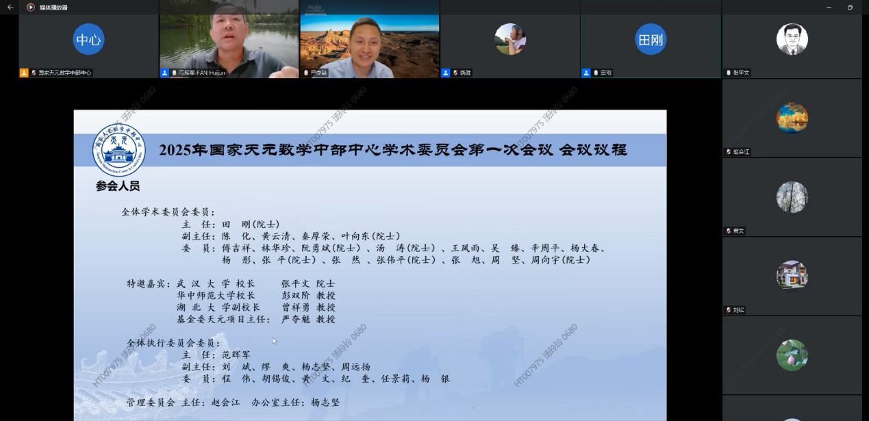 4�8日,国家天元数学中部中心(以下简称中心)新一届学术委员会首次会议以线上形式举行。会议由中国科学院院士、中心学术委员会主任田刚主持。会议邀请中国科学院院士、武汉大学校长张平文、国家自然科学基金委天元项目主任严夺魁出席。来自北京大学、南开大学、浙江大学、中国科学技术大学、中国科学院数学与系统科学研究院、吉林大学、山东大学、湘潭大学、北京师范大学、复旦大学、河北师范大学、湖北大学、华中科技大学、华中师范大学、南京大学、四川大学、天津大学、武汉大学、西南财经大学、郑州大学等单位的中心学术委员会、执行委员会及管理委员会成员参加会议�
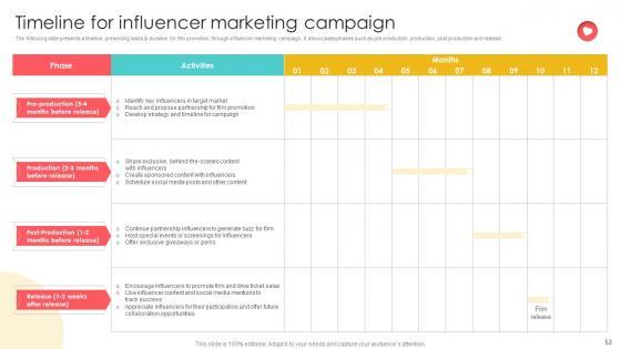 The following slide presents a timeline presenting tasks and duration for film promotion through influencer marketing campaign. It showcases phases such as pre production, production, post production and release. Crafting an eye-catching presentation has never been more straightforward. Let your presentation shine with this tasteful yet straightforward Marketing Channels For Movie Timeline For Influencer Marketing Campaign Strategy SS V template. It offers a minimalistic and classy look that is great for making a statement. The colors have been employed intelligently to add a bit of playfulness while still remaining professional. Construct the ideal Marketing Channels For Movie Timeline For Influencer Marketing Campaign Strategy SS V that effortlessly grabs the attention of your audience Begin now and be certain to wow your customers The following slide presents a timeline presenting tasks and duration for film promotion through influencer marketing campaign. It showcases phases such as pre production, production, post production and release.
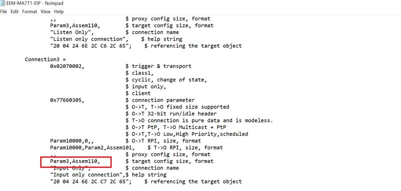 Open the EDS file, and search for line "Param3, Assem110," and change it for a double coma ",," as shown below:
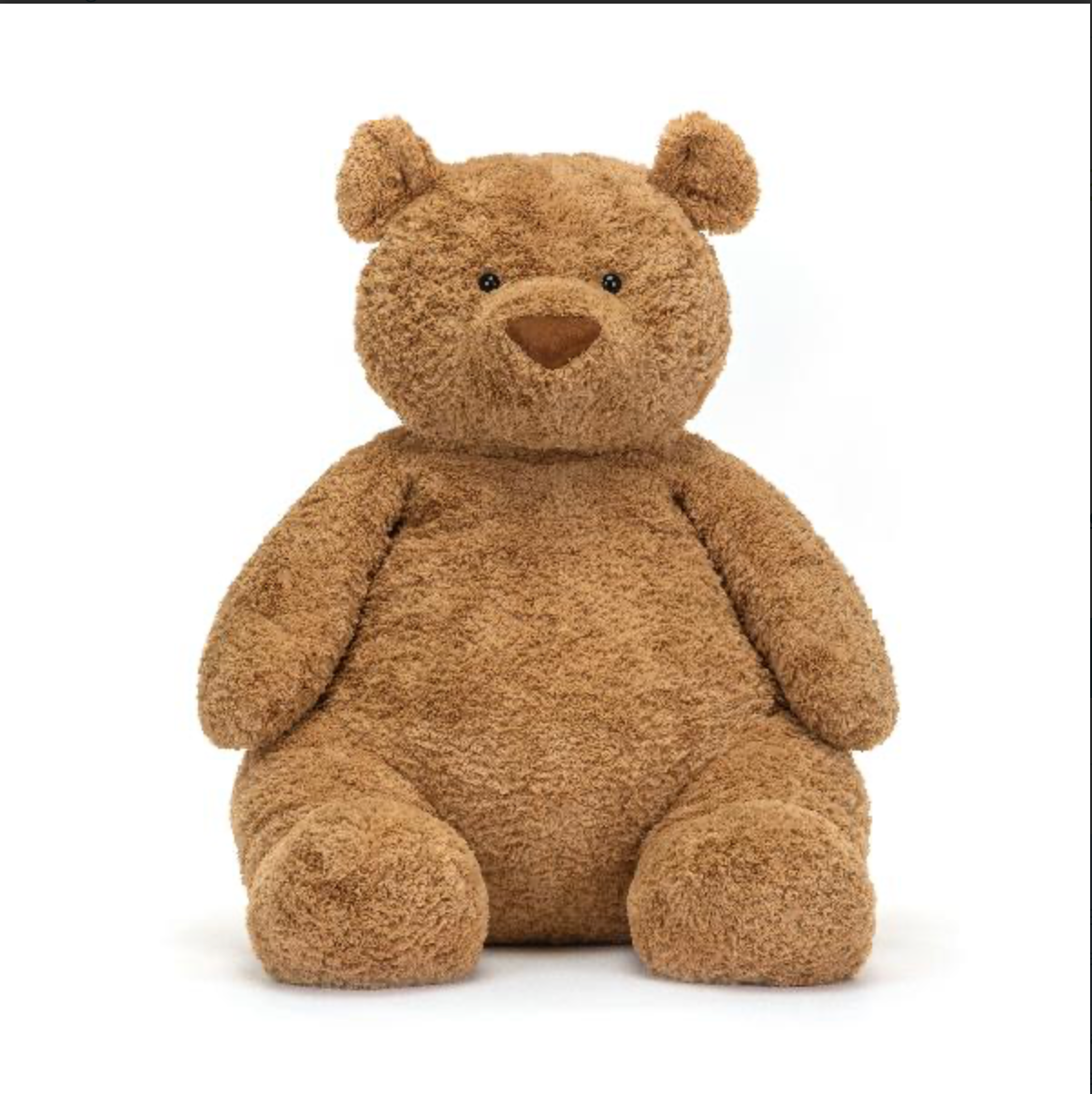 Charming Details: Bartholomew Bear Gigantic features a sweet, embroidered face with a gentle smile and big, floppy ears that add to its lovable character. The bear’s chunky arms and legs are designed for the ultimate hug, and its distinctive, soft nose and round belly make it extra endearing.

- TASK ITEM: Restate every line of the listing exactly. Pictures are not part of the copy.

- TASK RESULT:
 4�8日,国家天元数学中部中心(以下简称中心)新一届学术委员会首次会议以线上形式举行。会议由中国科学院院士、中心学术委员会主任田刚主持。会议邀请中国科学院院士、武汉大学校长张平文、国家自然科学基金委天元项目主任严夺魁出席。来自北京大学、南开大学、浙江大学、中国科学技术大学、中国科学院数学与系统科学研究院、吉林大学、山东大学、湘潭大学、北京师范大学、复旦大学、河北师范大学、湖北大学、华中科技大学、华中师范大学、南京大学、四川大学、天津大学、武汉大学、西南财经大学、郑州大学等单位的中心学术委员会、执行委员会及管理委员会成员参加会议�
 The following slide presents a timeline presenting tasks and duration for film promotion through influencer marketing campaign. It showcases phases such as pre production, production, post production and release. Crafting an eye-catching presentation has never been more straightforward. Let your presentation shine with this tasteful yet straightforward Marketing Channels For Movie Timeline For Influencer Marketing Campaign Strategy SS V template. It offers a minimalistic and classy look that is great for making a statement. The colors have been employed intelligently to add a bit of playfulness while still remaining professional. Construct the ideal Marketing Channels For Movie Timeline For Influencer Marketing Campaign Strategy SS V that effortlessly grabs the attention of your audience Begin now and be certain to wow your customers The following slide presents a timeline presenting tasks and duration for film promotion through influencer marketing campaign. It showcases phases such as pre production, production, post production and release.
 Open the EDS file, and search for line "Param3, Assem110," and change it for a double coma ",," as shown below:
 Charming Details: Bartholomew Bear Gigantic features a sweet, embroidered face with a gentle smile and big, floppy ears that add to its lovable character. The bear’s chunky arms and legs are designed for the ultimate hug, and its distinctive, soft nose and round belly make it extra endearing.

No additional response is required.